TASK ITEM:
Please output exactly the lines below, starting at the line that has "気持ちがわくわく楽しくなるような、ゆかいなうつわを集めます。" and ending at the line that has "160x20x180 мм. |", both included; leave out all pictures and include nothing else.

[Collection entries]
↓

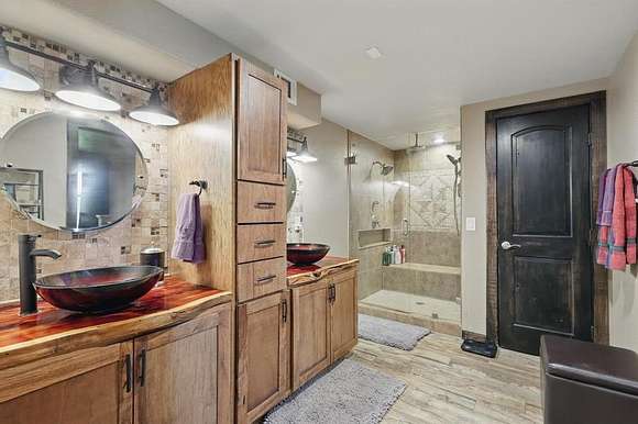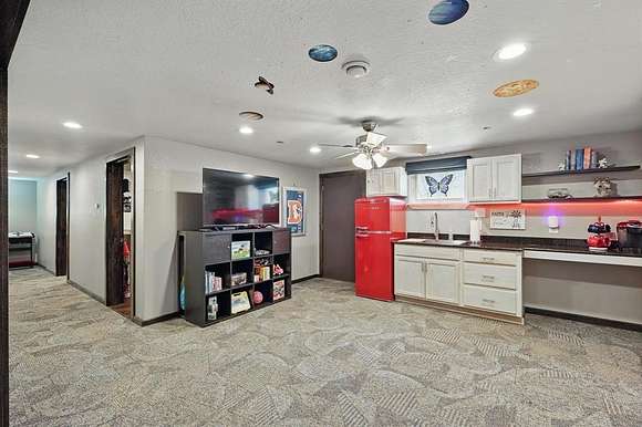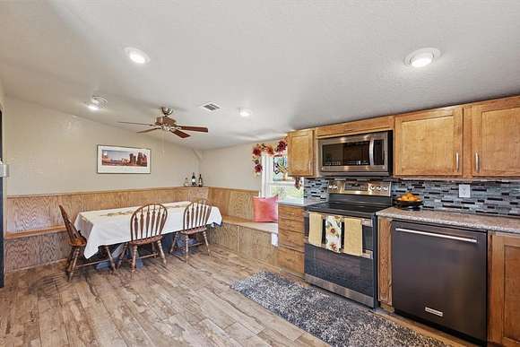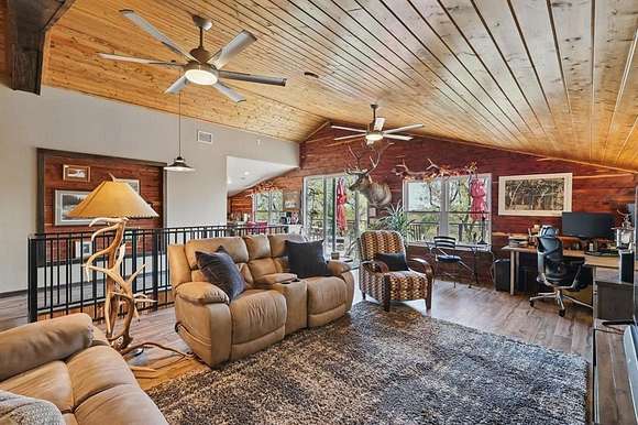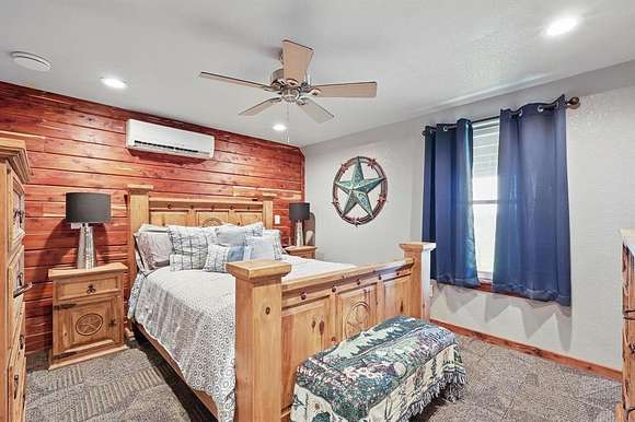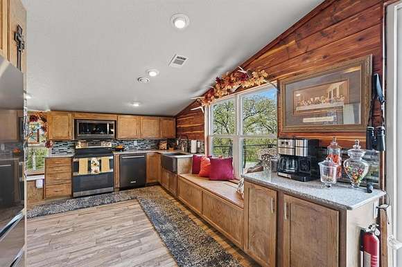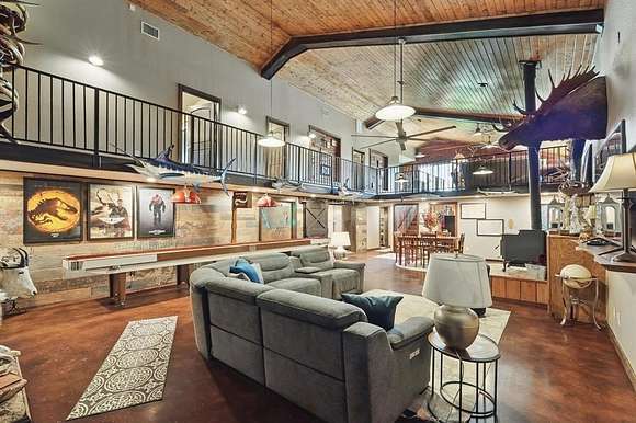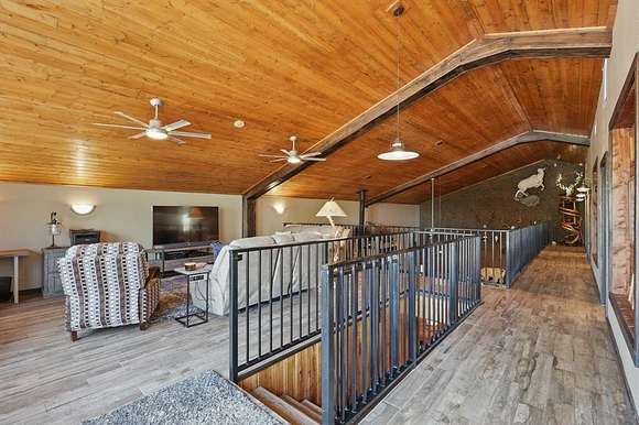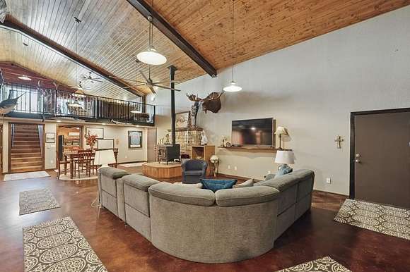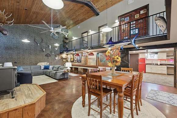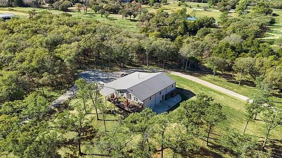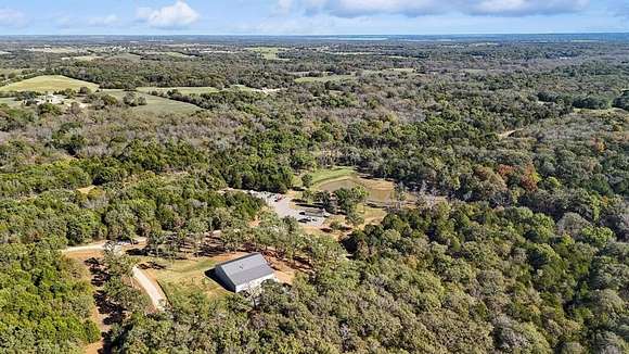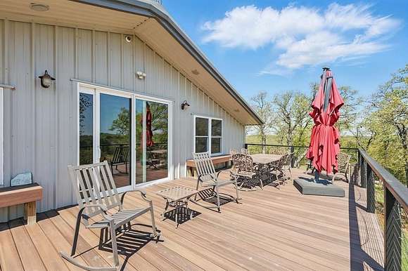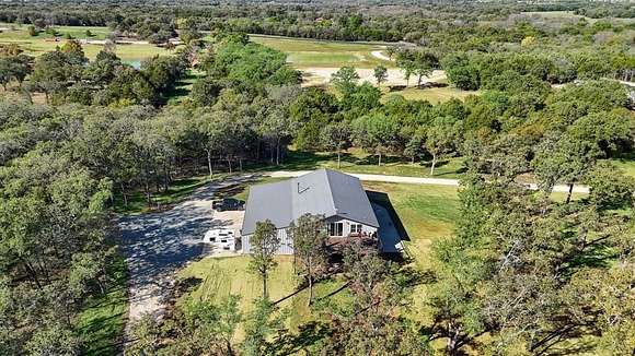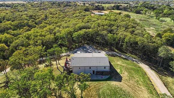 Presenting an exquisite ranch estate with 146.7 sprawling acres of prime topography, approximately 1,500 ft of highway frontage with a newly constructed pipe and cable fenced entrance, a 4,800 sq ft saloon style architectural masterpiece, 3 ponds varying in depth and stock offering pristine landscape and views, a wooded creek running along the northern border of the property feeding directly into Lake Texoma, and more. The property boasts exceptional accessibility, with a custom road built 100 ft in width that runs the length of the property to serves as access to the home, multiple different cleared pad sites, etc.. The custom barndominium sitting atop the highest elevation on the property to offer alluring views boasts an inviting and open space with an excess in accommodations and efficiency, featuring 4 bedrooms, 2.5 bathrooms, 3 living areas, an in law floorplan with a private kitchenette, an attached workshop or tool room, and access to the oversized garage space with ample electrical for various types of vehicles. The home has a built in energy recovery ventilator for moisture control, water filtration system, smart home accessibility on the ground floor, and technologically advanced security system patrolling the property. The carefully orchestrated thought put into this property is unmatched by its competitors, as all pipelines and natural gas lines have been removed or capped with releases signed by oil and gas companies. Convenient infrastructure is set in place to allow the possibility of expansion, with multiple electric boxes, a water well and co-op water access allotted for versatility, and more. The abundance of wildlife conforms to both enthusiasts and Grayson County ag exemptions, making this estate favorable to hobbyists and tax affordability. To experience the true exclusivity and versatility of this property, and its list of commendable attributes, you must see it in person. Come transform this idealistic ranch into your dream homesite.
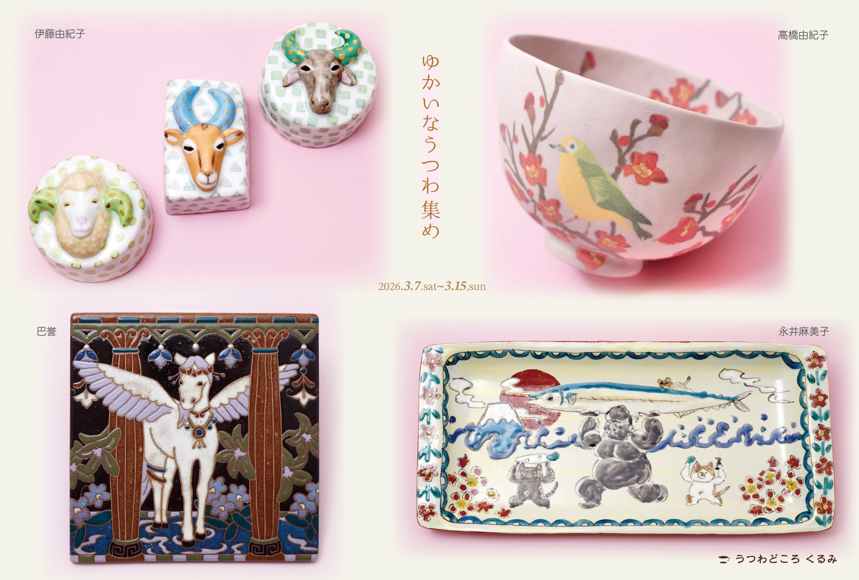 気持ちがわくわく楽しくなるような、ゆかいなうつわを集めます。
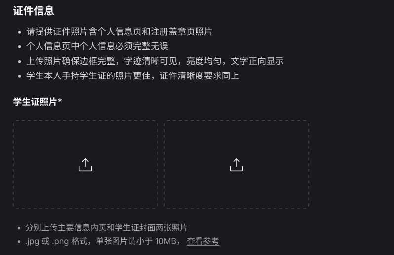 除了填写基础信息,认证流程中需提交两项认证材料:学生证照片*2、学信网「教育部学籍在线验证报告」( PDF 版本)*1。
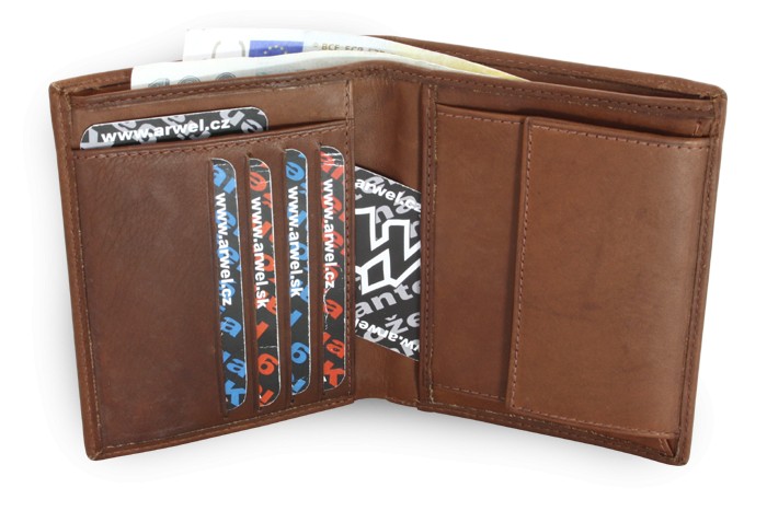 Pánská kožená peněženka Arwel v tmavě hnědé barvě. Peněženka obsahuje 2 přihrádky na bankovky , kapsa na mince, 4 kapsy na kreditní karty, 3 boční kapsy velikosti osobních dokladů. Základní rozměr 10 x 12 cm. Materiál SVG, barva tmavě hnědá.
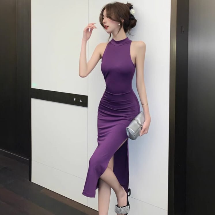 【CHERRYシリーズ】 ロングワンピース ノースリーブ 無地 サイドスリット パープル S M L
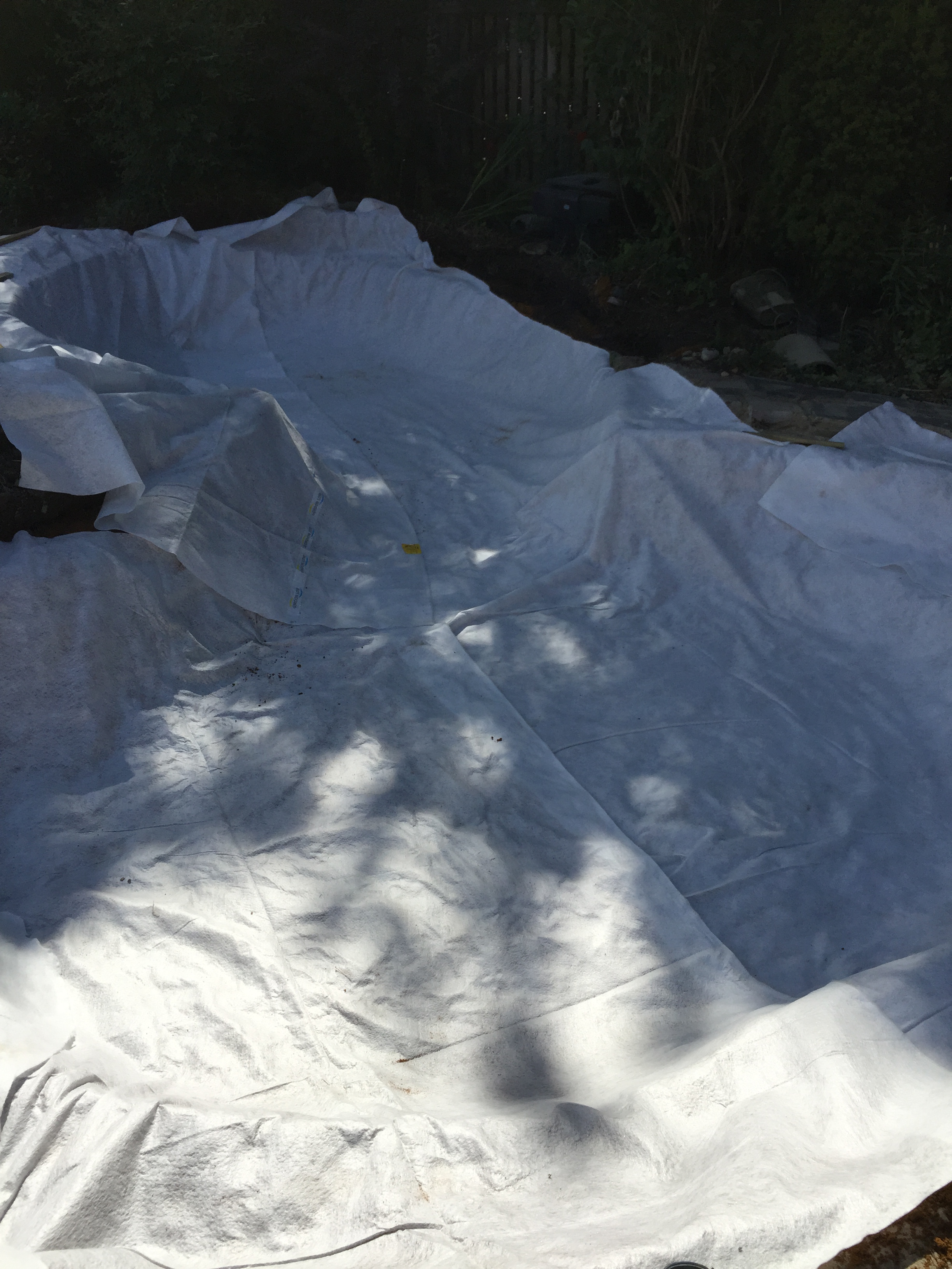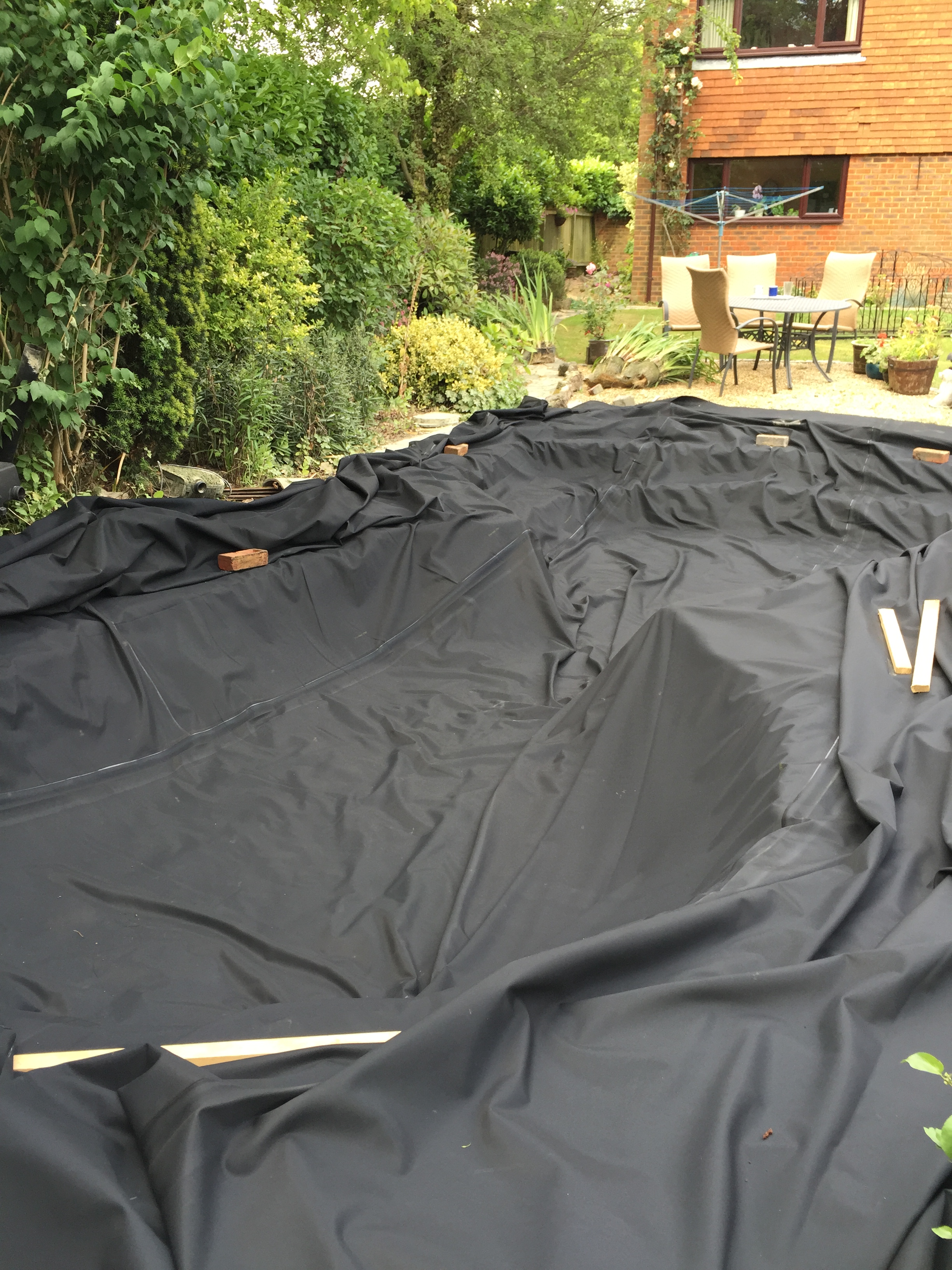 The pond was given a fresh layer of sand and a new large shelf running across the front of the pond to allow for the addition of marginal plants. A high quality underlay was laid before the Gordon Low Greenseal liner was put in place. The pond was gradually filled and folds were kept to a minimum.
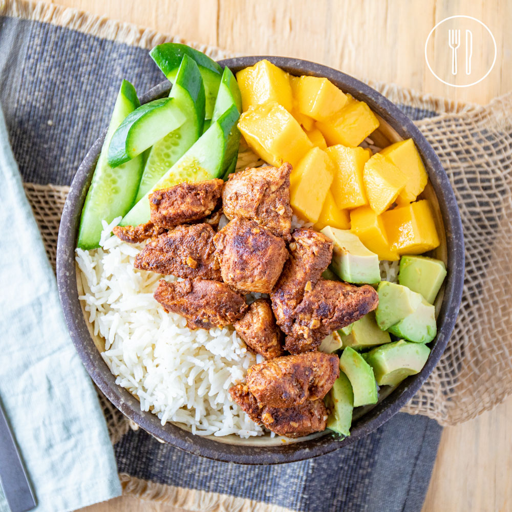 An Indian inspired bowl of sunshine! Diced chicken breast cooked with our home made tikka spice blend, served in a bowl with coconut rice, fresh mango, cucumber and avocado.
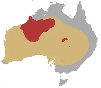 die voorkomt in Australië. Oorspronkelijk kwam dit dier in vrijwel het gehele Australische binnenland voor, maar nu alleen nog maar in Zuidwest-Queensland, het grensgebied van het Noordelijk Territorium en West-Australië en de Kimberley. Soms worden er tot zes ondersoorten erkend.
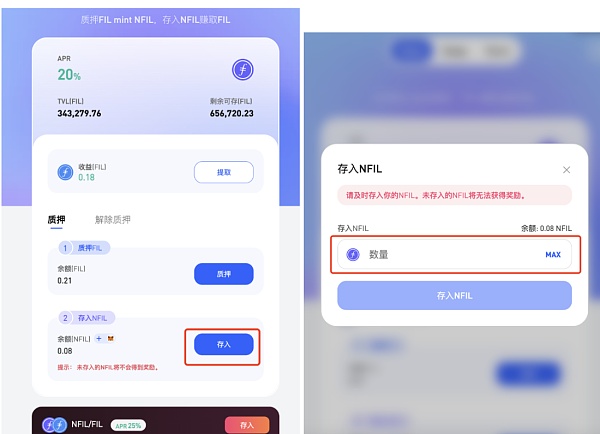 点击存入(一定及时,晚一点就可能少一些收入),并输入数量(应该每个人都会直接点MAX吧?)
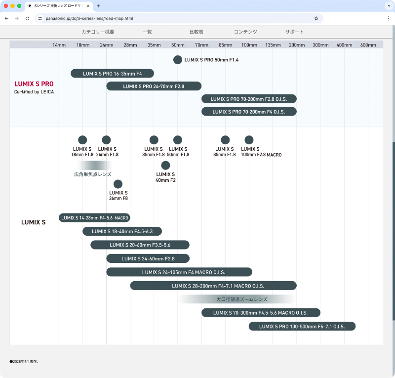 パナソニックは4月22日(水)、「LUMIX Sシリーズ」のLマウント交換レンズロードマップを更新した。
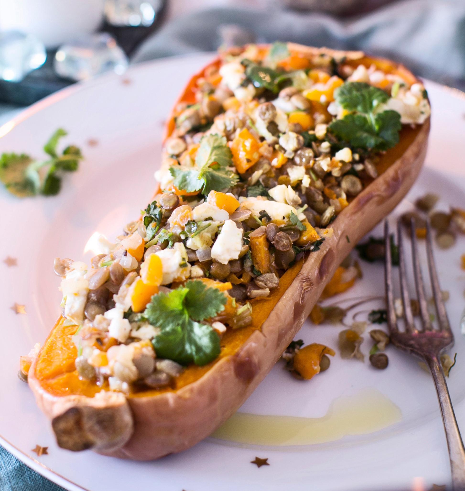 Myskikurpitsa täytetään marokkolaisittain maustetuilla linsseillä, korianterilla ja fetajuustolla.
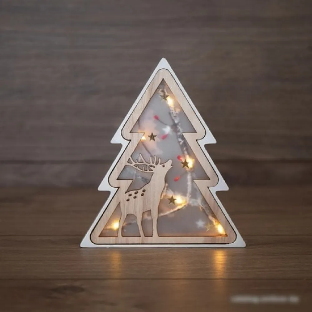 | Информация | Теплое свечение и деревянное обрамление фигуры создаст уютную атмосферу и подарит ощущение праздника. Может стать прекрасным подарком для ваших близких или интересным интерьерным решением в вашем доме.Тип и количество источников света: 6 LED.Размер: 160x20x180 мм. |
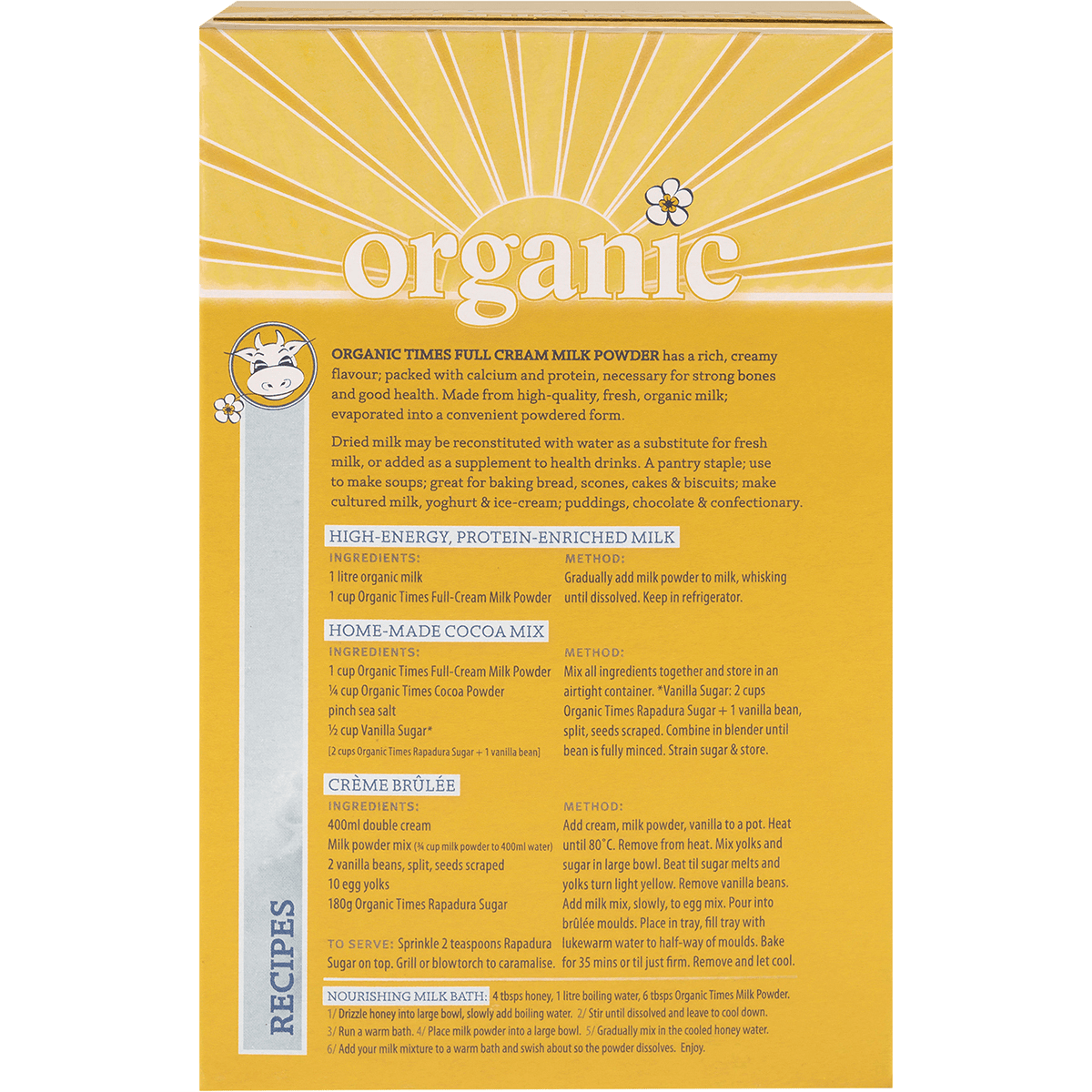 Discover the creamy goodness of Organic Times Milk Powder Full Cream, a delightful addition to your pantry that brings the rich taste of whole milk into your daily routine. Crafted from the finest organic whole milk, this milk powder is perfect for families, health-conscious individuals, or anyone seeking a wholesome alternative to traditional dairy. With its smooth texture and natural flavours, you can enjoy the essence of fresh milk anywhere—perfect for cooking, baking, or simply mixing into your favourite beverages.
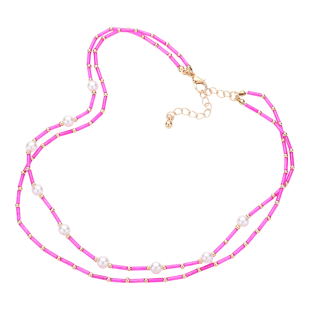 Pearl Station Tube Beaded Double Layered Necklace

↑

THE ANSWER:
 気持ちがわくわく楽しくなるような、ゆかいなうつわを集めます。
 除了填写基础信息,认证流程中需提交两项认证材料:学生证照片*2、学信网「教育部学籍在线验证报告」( PDF 版本)*1。
 Pánská kožená peněženka Arwel v tmavě hnědé barvě. Peněženka obsahuje 2 přihrádky na bankovky , kapsa na mince, 4 kapsy na kreditní karty, 3 boční kapsy velikosti osobních dokladů. Základní rozměr 10 x 12 cm. Materiál SVG, barva tmavě hnědá.
 【CHERRYシリーズ】 ロングワンピース ノースリーブ 無地 サイドスリット パープル S M L
 The pond was given a fresh layer of sand and a new large shelf running across the front of the pond to allow for the addition of marginal plants. A high quality underlay was laid before the Gordon Low Greenseal liner was put in place. The pond was gradually filled and folds were kept to a minimum.
 An Indian inspired bowl of sunshine! Diced chicken breast cooked with our home made tikka spice blend, served in a bowl with coconut rice, fresh mango, cucumber and avocado.
 die voorkomt in Australië. Oorspronkelijk kwam dit dier in vrijwel het gehele Australische binnenland voor, maar nu alleen nog maar in Zuidwest-Queensland, het grensgebied van het Noordelijk Territorium en West-Australië en de Kimberley. Soms worden er tot zes ondersoorten erkend.
 点击存入(一定及时,晚一点就可能少一些收入),并输入数量(应该每个人都会直接点MAX吧?)
 パナソニックは4月22日(水)、「LUMIX Sシリーズ」のLマウント交換レンズロードマップを更新した。
 Myskikurpitsa täytetään marokkolaisittain maustetuilla linsseillä, korianterilla ja fetajuustolla.
 | Информация | Теплое свечение и деревянное обрамление фигуры создаст уютную атмосферу и подарит ощущение праздника. Может стать прекрасным подарком для ваших близких или интересным интерьерным решением в вашем доме.Тип и количество источников света: 6 LED.Размер: 160x20x180 мм. |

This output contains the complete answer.